Es hat etwas von einem versteckten Laboratorium. Kunstlicht beherrscht den Raum, der nur verwinkelt und über Treppen zu erreichen ist. Es gluckert und summt, die Pumpen beginnen zu laufen. Es ist kühl klimatisiert und alles penibel sauber. Schwarze Plastikschalen dominieren die Regale – und in ihnen wächst das pralle, bunte Leben heran. Kräftiges Grün in unterschiedlichen Farbschattierung ist dominant, dazwischen sorgt ein strahlendes Pink für den Hingucker.

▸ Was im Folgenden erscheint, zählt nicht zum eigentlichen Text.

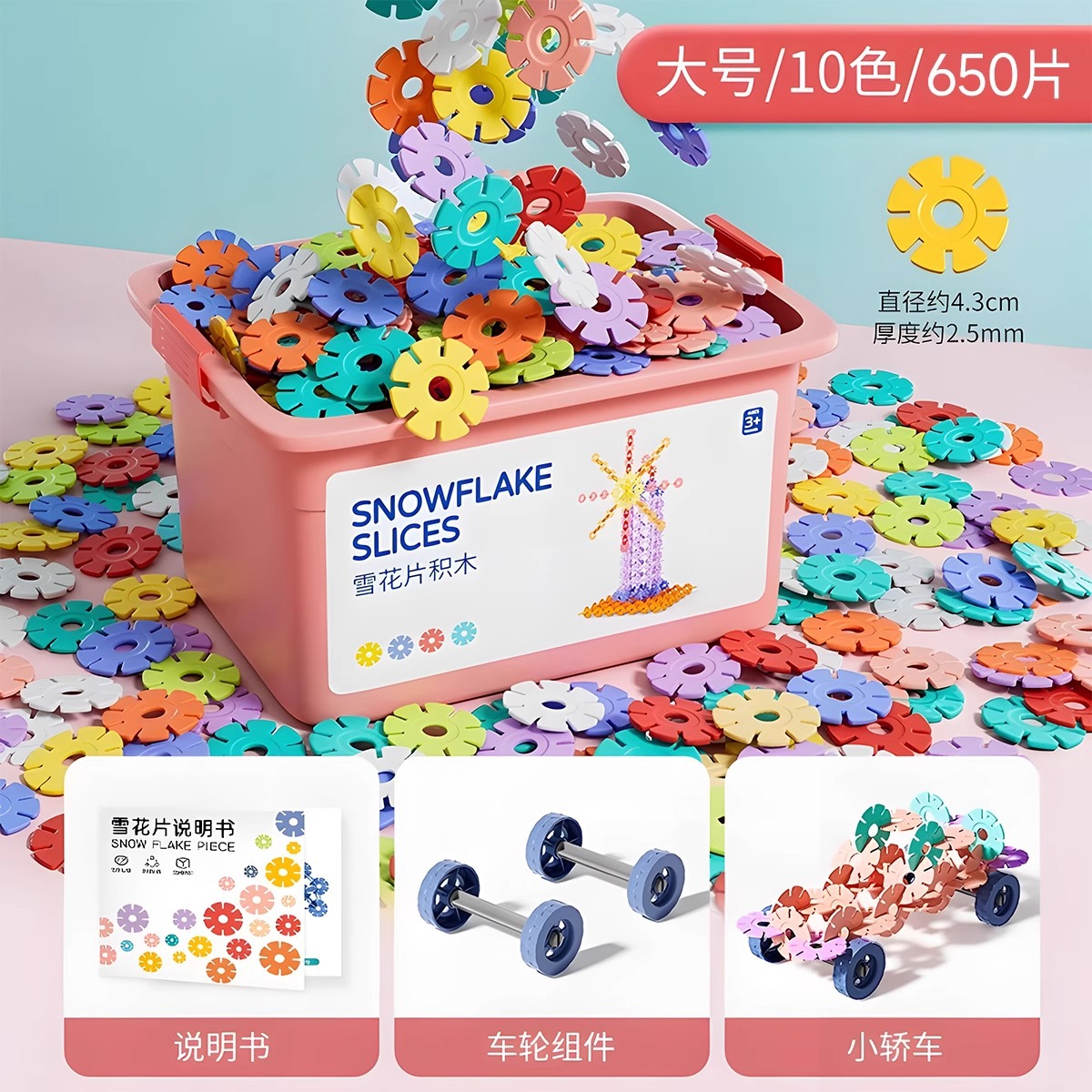 【大号650片】十色加厚雪花片+车轮组一对+说明书

Mitten in dieser surrealen Szenerie steht Fabian Rehkugler. Es ist sein Reich, das er ertüftelt und erschaffen hat. Mitten im Ortskern von Schopfloch, alles ganz legal mit Steuernummer, Gewerbeschein und Hygieneschulung. Fabian Rehkugler produziert mit Leidenschaft Microgreens. Dazu braucht es nicht mehr als Gemüsesamen, etwas Wasser, Licht und eine Kokosmatte. Das Zusammenspiel der Komponenten ist jedoch entscheidend für den Erfolg und erfordert viel Erfindergeist und Fingerspitzengefühl. Fabian Rehkugler experimentiert seit Monaten, um das Optimum zu finden. Mittlerweile hat er bei den Grundsorten Routine, doch das ist dem umtriebigen Schopflocher ganz offensichtlich zu langweilig. Er ist weiter voller Ideen und ständig am Ausprobieren.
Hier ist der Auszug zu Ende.